A Ubuntu-derived distribution, Puredyne bills itself as an “operating system for creative multimedia” designed to run on a USB drive.
More specifically, Puredyne contains free software tools for audio, graphics and multimedia, as well as for streaming and version control. In each of these categories, the tools range from command line tools to the latest available on the desktop. Its graphic tools, for example, include both ImageMagick for batch processing files from a terminal, GIMP for photo editing and Inkscape for creating your own graphics.
Just as importantly, Puredyne includes a range of equivalent tools. Version control tools, for instance, include Subversion, Mercurial, and Bzr, only one of which any user is likely to want. This variety makes Puredyne a showcase of free software tools, as well as an environment well suited for productivity.
No list of Live Disks would be complete without a forensics disk for investigating system failures and restoring them. CAINE (Computer Aided INvestigative Enivronment) is only a few months old so far as I can tell, but worth mentioning for the thoroughness of its selection of applications.
To start with, CAINE incudes an extensive list of standard security tools, including john, wireshark, LVM2 and FRED. In addition, CAINE includes WinTaylor for analyzing Windows systems. It also includes a report creator with a simple but effective interface.

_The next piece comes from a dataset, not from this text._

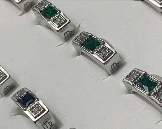 SILVER SQUARE STAINLESS STEEL RING WITH COLORED STONE – Set of 12
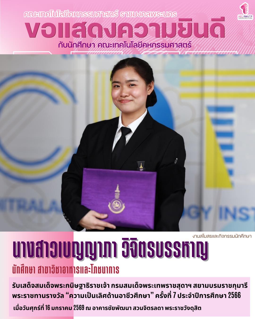 นางสาวเบญญาภา วิจิตรบรรหาญ นักศึกษา สาขาวิชาอาหารและโภชนาการ ร่วมเฝ้าฯ รับเสด็จสมเด็จพระกนิษฐาธิราชเจ้า กรมสมเด็จพระเทพรัตนราชสุดาฯ สยามบรมราชกุมารี พระราชทานพระราชวโรกาสให้ นักศึกษาเข้ารับพระราชทานรางวัล “ความเป็นเลิศด้านอาชีวศึกษา” ครั้งที่ 7 ประจำปีการศึกษา 2566 เมื่อวันศุกร์ที่ 16 มกราคม 2569 ณ อาคารชัยพัฒนา สวนจิตรลดา พระราชวังดุสิต

The function of this Live Disk is self-explanatory. What is less obvious until you try it is Redo’s versatility. It can be used on both Linux and Windows, stand-alone machines and networks, and not only for backup, but also for recovering lost files and configuring partitions. Among these tools, the backup is especially noteworthy for its simplicity. Needed drivers or documentation can be downloaded as well via Redo’s own Internet connection.
Sugar began as the interface for the One Laptop Per Child project. However, for several years, it has been an independent project overseen by Sugar Labs, which develops a desktop environment for early childhood education. Sugar on a Stick is a Fedora re-spin whose goal is to encourage the use of Sugar among its target audience.
From the perspective of a user familiar with standard desktops like GNOME or KDE, Sugar is a radical simplification. Its home view displays available activities — the term used rather than application to emphasize the educational aspects — in a circle. Activities are launched full-screen. A unique feature is its neighborhood view, which shows nearby Sugar users with whom users could interact.
Those with children might want to investigate Sugar on a Stick as a way to introduce them to computers.
Do you want to explore security and privacy? If so, then Tails is one of the most painless places to start.
Tails is a live system designed for safe and anonymous Internet use via the Tor Project. The makers of Tails, many of whom prefer to remain anonymous, have made security and privacy available to anyone who can boot a Live Disk. It even includes a camouflage option when you are using it in public, disguising itself as Windows XP to deflect curiosity from passersby.
However, as useful as Tails is in itself, what may be even more valuable are the online help provided by the project and the links to Tor’s documentation. Half an hour’s reading will leave you aware of the legitimate reasons for privacy and the basic principles needed — all of which you can then see in action via Tail’s Live CD.
A Part of the Culture
These are only a sampling of the Linux Live Disks available, but they give some sense of the variety.
Almost certainly, the list is incomplete, but it gives a sense of how much Live Disks are a part of free software culture. Somewhere on that list, you are sure to find one that interests you. Live Disks are so much a part of the user culture that, sooner or later, you will find yourself using one — and probably several.